I work on a project, which is essentially just another recommendation engine. The data behind the engine also needs to be protected on the property level. Neo4j doesn’t natively support property level security so we had to come up with our own implementation of property level security.
Requirements
- Restrict per user the data that is returned to the web application
- Allow for partial matches when searching on property values
- Allow for searching on list properties – including partial match
- Need to return the full value of the partial match in the list
- Users have hundreds of possible security keys
- There is no single highest security key
- No one has all the security keys
Setup (at various times):
- Tinkerpop
- Neo4j Embedded 2.1.4
- Neo4j Embedded 2.3.2
- Neo4j Embedded 3.0.3
- Centos 6.x
- Java 8
First Attempt
The first attempt had the security key stored sidecar to the property:
- `node.property1`
- `node.property1_securityKey`
Lists were stored as JSON strings
- `[ { val1:securityKey1 },{ val2:securityKey1 },{ val3:securityKey2 } ]`
There were two properties on each node to indicate the minimum (read) and maximum (write) security keys needed to access the node. Updates to the node are only allowed if the user has the maximum security key, otherwise we don’t know if a value that’s being changed (value and security key are changed at the same time) the security key also without first accessing the graph. There was a mixture of =~ (security key regex) and IN [] (list of security keys) for checking the security keys in the Cypher statements.
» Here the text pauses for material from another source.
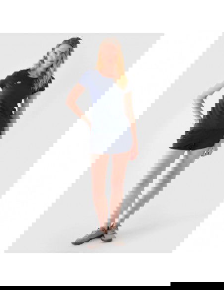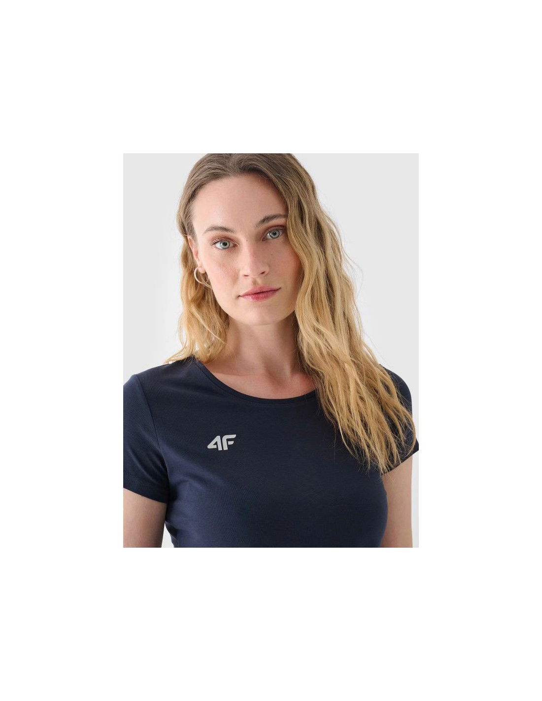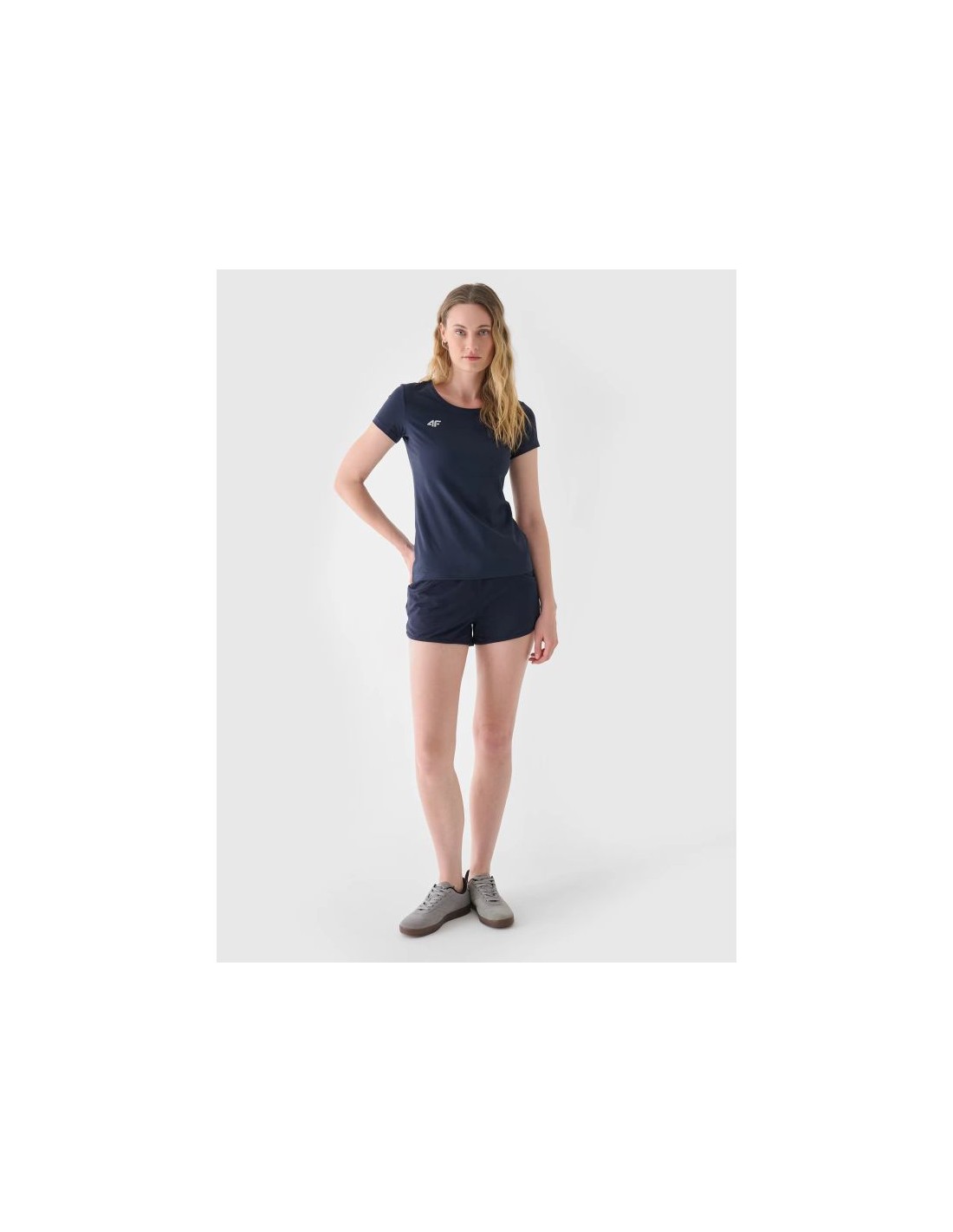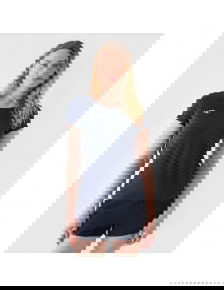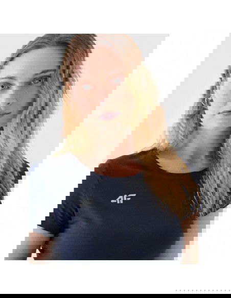 This women's T-shirt is perfect for both casual and everyday sporty outfits. It features a slim fit that hugs the body and a standard length that falls to the hips. The single jersey weave with a smooth, one-sided surface makes it flexible and comfortable to wear. This women's short-sleeved T-shirt is soft to the touch and drapes well. It's non-sheer and provides durability and comfort for year-round wear. The 4F women's T-shirt is made of 96% cotton, making it soft, durable, and comfortable to the touch. The crew neckline is finished with a light ribbed trim. size range: XS-5XL cut: slim, which adapts to the silhouette made of 96% cotton, making it soft, durable and pleasant to the touch uniform colors that match many styles soft-touch single jersey fabric with a smooth surface round neckline with light ribbed trim Detailed information about women's slim plain T-shirt - navy blue Main material: Cotton 95%, Elastane 5% Additional material: Cotton 95%, Elastane 5%

Bad things – the security key on the edge had no relation to the security key of the related nodes. Also, all edges were labeled edge – although this got refactored during the migration to Neo4j 3.0.3.
Query
MATCH (n:NODE {prop3:”303”})-[e:PARENT_TO_PARENT]->(n2:NODE) WHERE n.prop0_securityKey IN {keys} AND e.securityKey IN {keys} AND n2.securityKey IN {keys} RETURN n2
Node
“n” |
---|
nodeId:”78058” |
uuid:”385ab6d5-c7d5-40d8-ac50-1b69e656d803” |
prop0:”565” |
prop0_securityKey:”094” |
prop1:”483” |
prop1_securityKey:”065” |
prop2:”246” |
prop2_securityKey:”045” |
prop3:”303” |
prop3_securityKey:”072” |
prop4:”526” |
prop4_securityKey:”072” |
securityKey:”072” |
Results
The setup adequately restricts viewing of data. It’s slooooooow – we have to check keys on the node and the edge for each step of the traversal (traversals are typically 5 or more steps). We know what the combination of security keys are needed to see all the potential data in the system – ignore the checks if the user has it. Now the slowness is “invisible” for the developer, there’s more important features to add than worry about refining the security. Unit tests were written to ensure that the data is properly filtered. Out of sight, out of mind.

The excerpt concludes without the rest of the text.